**Problem details:** Skip any image you find and restate the rest of the data word for word.

++++ Data block ++++

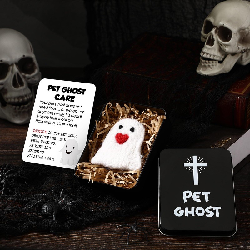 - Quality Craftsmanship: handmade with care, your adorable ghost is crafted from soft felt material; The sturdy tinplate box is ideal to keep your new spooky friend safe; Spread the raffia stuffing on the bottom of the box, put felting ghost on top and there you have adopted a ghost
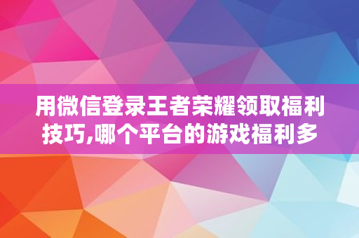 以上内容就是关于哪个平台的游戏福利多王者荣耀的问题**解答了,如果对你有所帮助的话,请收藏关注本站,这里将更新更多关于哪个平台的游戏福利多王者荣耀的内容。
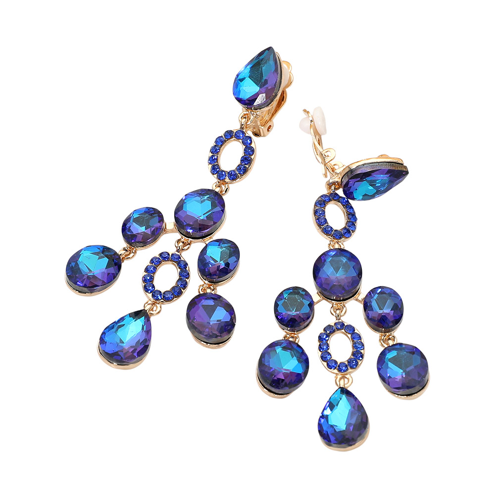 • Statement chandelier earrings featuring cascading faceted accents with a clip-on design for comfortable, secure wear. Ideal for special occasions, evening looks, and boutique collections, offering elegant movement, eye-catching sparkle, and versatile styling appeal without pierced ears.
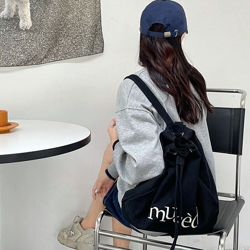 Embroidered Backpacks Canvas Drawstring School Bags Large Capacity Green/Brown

++++

**Exercise response:**
 - Quality Craftsmanship: handmade with care, your adorable ghost is crafted from soft felt material; The sturdy tinplate box is ideal to keep your new spooky friend safe; Spread the raffia stuffing on the bottom of the box, put felting ghost on top and there you have adopted a ghost
 以上内容就是关于哪个平台的游戏福利多王者荣耀的问题**解答了,如果对你有所帮助的话,请收藏关注本站,这里将更新更多关于哪个平台的游戏福利多王者荣耀的内容。
 • Statement chandelier earrings featuring cascading faceted accents with a clip-on design for comfortable, secure wear. Ideal for special occasions, evening looks, and boutique collections, offering elegant movement, eye-catching sparkle, and versatile styling appeal without pierced ears.
 Embroidered Backpacks Canvas Drawstring School Bags Large Capacity Green/Brown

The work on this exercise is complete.